В отличие от католицизма, православная церковь не приписывает непогрешимости какому-либо одному человеку (папе). По ее представлениям, непогрешимой признается вся Православная Церковь, «которая есть собрание всех верующих всех времен и всех народов под главенством Иисуса Христа и под водительством святого Духа» (Данилевский Н.Я. Указ. соч. С. 201), выражающая свое учение посредством вселенских соборов. По сравнению с католицизмом, внутренняя жизнь Православной Церкви отличается большей свободой. Так, решающий голос на вселенских соборах принадлежал епископам, но совещательный имели и клирики, и простые миряне, особенно философы и богословы, принимавшие участие в соборных прениях и помогавшие епископам своими указаниями и возражениями. В отличие от католичества, православие разрешает читать Библию мирянам. Если для католичества характерно внешнее единство («власть, господство, дисциплина»), то для православия – скорее единство внутреннее: соборность, понимаемая как причастность православных общему Абсолюту. Православие не стремится к прямой светской власти, концентрируя свое внимание на душах людей. Различен на Западе и Востоке способ богословского мышления. «Ибо, стремясь к истине умозрения, восточные мыслители заботятся, прежде всего, о правильности внутреннего состояния мыслящего духа; западные – более о внешней связи понятий. Восточные для достижения полноты истины ищут внутренней цельности разума: того, так сказать, средоточия умственных сил, где все отдельные деятельности духа сливаются в одно живое и высшее единство. Западные, напротив того, полагают, что достижение полной истины возможно и для разделившихся сил ума… Одним чувством понимают они нравственное; другим – изящное; полезное – опять особым смыслом; истинное понимают они отвлеченным рассудком, и ни одна способность не знает, что делает другая, покуда ее действие совершится» (Киреевский И.В. Указ. соч. С. 221).

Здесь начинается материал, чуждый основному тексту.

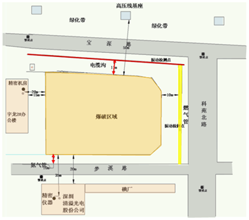 本基坑东侧约10米有Φ200中低压燃气管线,振速要求2.5cm/s;基坑东侧约50米外为某气化站,振速要求3.0cm/s;基坑南侧约35米外为某精密光电仪器制造厂手机腌膜生产车间,振速要求0.2cm/s;基坑西南角约20米外为Φ200钢制氮气管线,振速要求1.0cm/s;基坑西侧约20米为某计算机通信设备制造厂精密机房,振速要求为1.0cm/s;基坑北侧约10m有一条电缆沟,基坑北侧约30m左右有铁塔架高约25m的110KVA高压电线,基坑北侧80米外为某高速公路。项目周边场地条件特别复杂,爆破振速要求十分严格。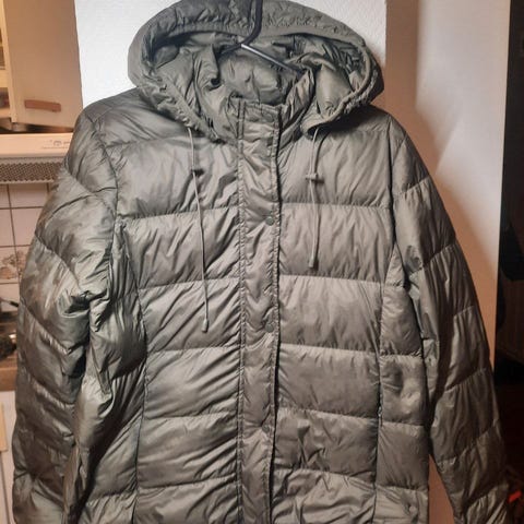 Jakken er grønn og laget av dun, som gir isolasjon og varme. Passer til utendørs bruk i kaldere vær.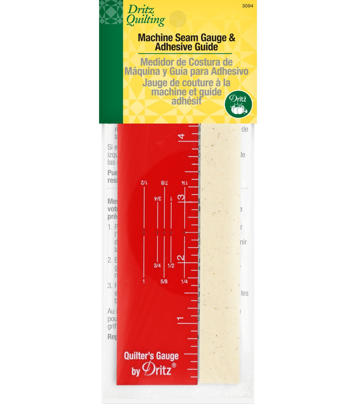 Sew straight lines every time with the Dritz Quilting Machine Seam Gauge & Adhesive Guide. This pack contains a plastic seam gauge and an adhesive guide. The adhesive guide is sure to be useful irrespective of the allowance while the seam gauge is repositionable and does not leave behind a sticky residue. it is easy to use and compact and ideal for professional and amateur sewers.
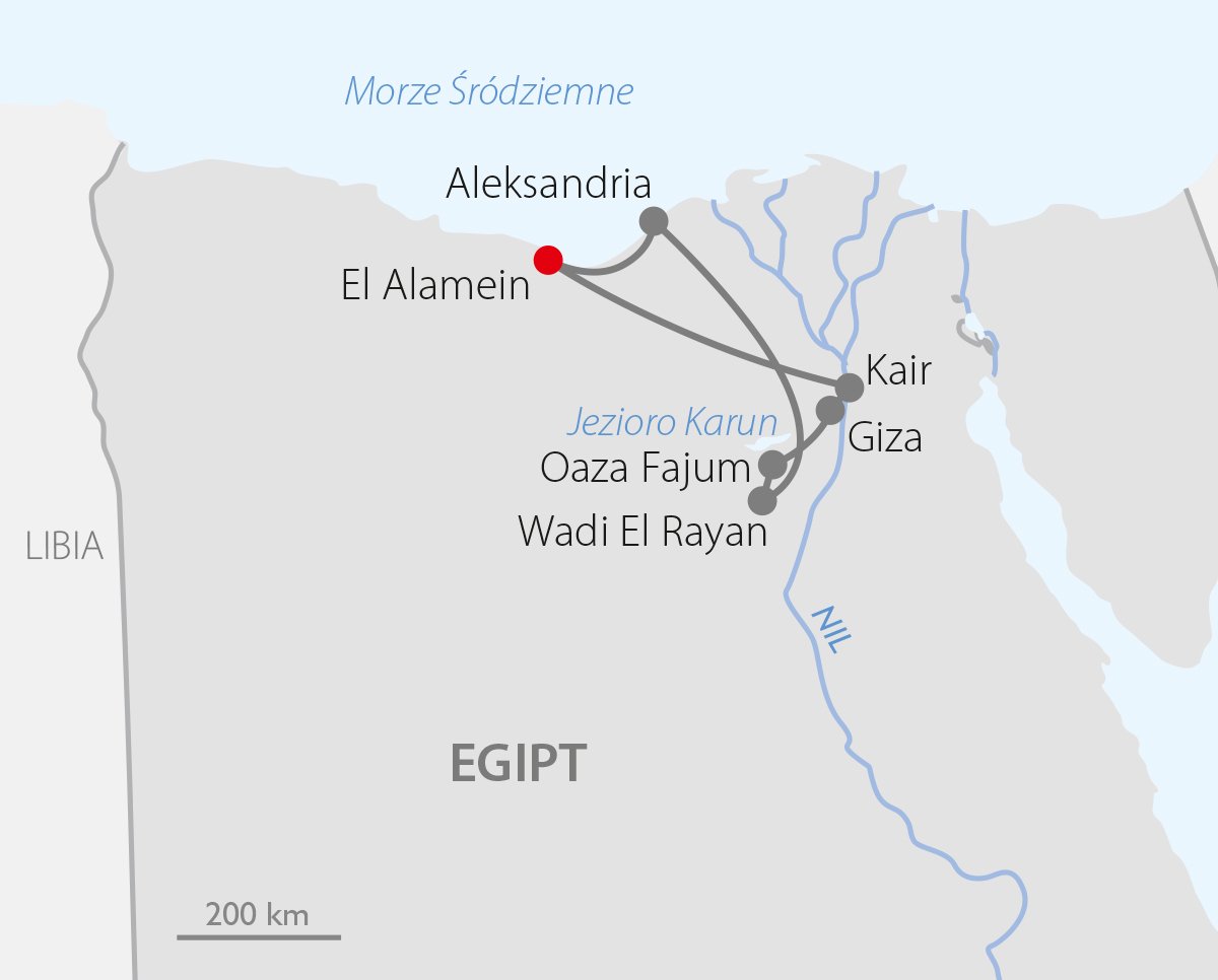Zbiórka uczestników na lotnisku. Przelot do EL ALAMEIN. Transfer do hotelu, zakwaterowanie. Kolacja i nocleg.

В результате различий посредников, передавших Западу и России христианство, кардинально различались особенности христианского воспитания в этих – католических и православной – странах: «богословие на Западе приняло характер рассудочной отвлеченности – в православном мире оно сохранило внутреннюю цельность духа; там движение ума к истине посредством внутреннего возвышения самосознания к сердечной цельности и средоточию разума; там искание наружного, мертвого единства – здесь стремление к внутреннему, живому; там церковь смешалась с государством, соединив духовную власть со светскою и сливая церковное и мирское значение в одно устройство смешанного характера, – в России она оставалась не смешанною с мирскими целями и устройством; там схоластические и юридические университеты – в древней России молитвенные монастыри, сосредоточивавшие в себе высшее знание; там рассудочное и школьное изучение высших истин – здесь стремление к их живому и цельному познаванию… одним словом, там раздвоение духа, раздвоение мыслей, раздвоение наук, раздвоение государства, раздвоение общества, раздвоение состояния, раздвоение всей совокупности и всех отдельных видов бытия искусственного и нравственного… раздвоение и цельность, рассудочность и разумность будут последним выражением западноевропейской и древнерусской образованности» (Киреевский И.В. Указ. соч. С. 234–235).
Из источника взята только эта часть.